AWS_REGION = os.getenv("AWS_REGION", "us-east-1")
OIDC_ISSUER = os.getenv("OIDC_ISSUER", "")
PUB_KEY = None


def decode_jwt(encoded_jwt):
    log = logger.new(name="DecodeJwt")

    global PUB_KEY
    if not PUB_KEY:
        log.debug("Initializing ALB public key")

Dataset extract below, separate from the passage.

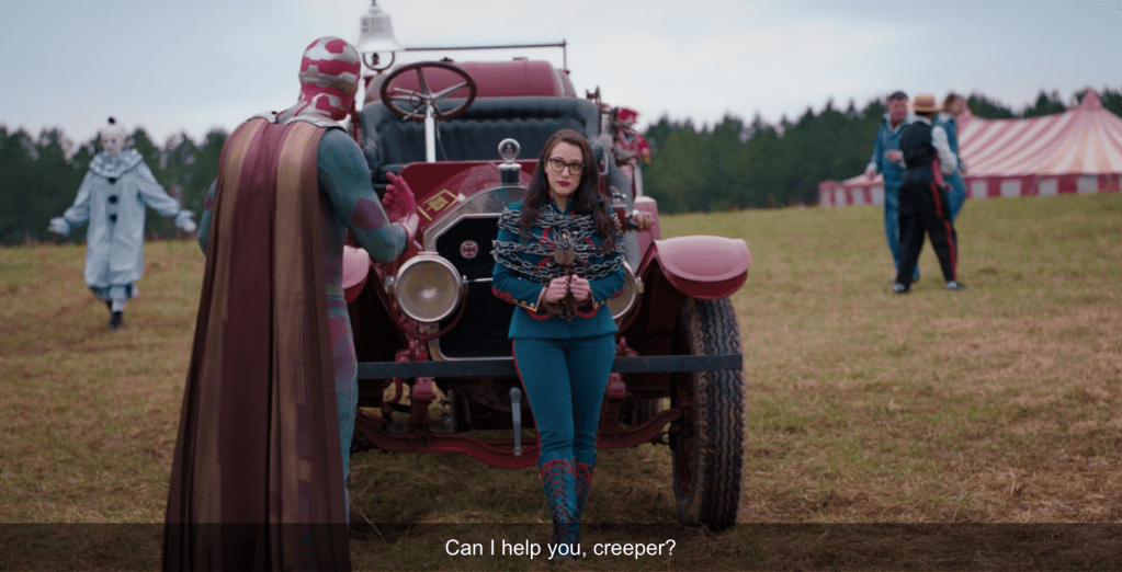 Vision is back again, in pristine condition. Resurrected for the third time, he awakens to realize that the SWORD agents he was trying to reach for help have been turned into a traveling circus show; nice job Wanda. Agent Monti, Director Hayward’s goon that left Darcy handcuffed to a truck in order to save his himself from the expanding Hexus, has been turn into a strongman. He is wearing an S on his belt that could be an easter egg for The Sentry but I just think it’s a similarity. Darcy is still chained to a vehicle, but as the circus’ escape artist. Mistaken for the new clown, Vis is left to meet Darcy. The comedic chemistry between these two is great. It is hard to describe the hilarious ambiguity of Vision trying to talk to Darcy; unless you’ve watched “clowns” try to pick up women before. LOL. Darcy’s costume shows off her shape where she has never been shown in this light in the MCU before. I am wondering if it was just to make the scene pop more or if this is to symbolize that her crossing the Hex field has change her in some way. Will Darcy become an enhanced? She mistakes Vis’ sophomoric self-introduction as an advance and walks away. I laugh every time I see this scene.

        # Step 1: Get the key id from JWT headers (the kid field)
        jwt_headers = encoded_jwt.split(".")[0]
        decoded_jwt_headers = base64.b64decode(jwt_headers)
        decoded_jwt_headers = decoded_jwt_headers.decode("utf-8")
        decoded_json = json.loads(decoded_jwt_headers)
        kid = decoded_json["kid"]

        # Step 2: Get the public key from regional endpoint
        url = f"https://public-keys.auth.elb.{AWS_REGION}.amazonaws.com/{kid}"
        req = requests.get(url)
        PUB_KEY = req.text
    else:
        log.debug("Using cached public key")

    # Step 3: Get the payload
    log.debug("Decoding JWT...")
    payload = jwt.decode(encoded_jwt, PUB_KEY, issuer=OIDC_ISSUER, algorithms=["ES256"])

    log.debug("Decoded JWT", payload=payload)
    return payload

And here’s an example decoded claims payload from Azure AD:

{
  "sub": "***REMOVED***",
  "name": "Randy Westergren",
  "family_name": "Westergren",
  "given_name": "Randolph",
  "picture": "https://graph.microsoft.com/v1.0/me/photo/$value",
  "email": "randy.westergren@***REMOVED***.com",
  "exp": 1665076372,
  "iss": "https://login.microsoftonline.com/***REMOVED***/v2.0"
}

You can use this for anything from logging user requests, to expanding the app to add authorization rules.

Login

Now when you visit your protected paths, you’ll first be redirected to the Azure AD sign-in:

Azure AD Login

After successful login, subsequent requests will have the AWSELBAuthSessionCookie cookie set.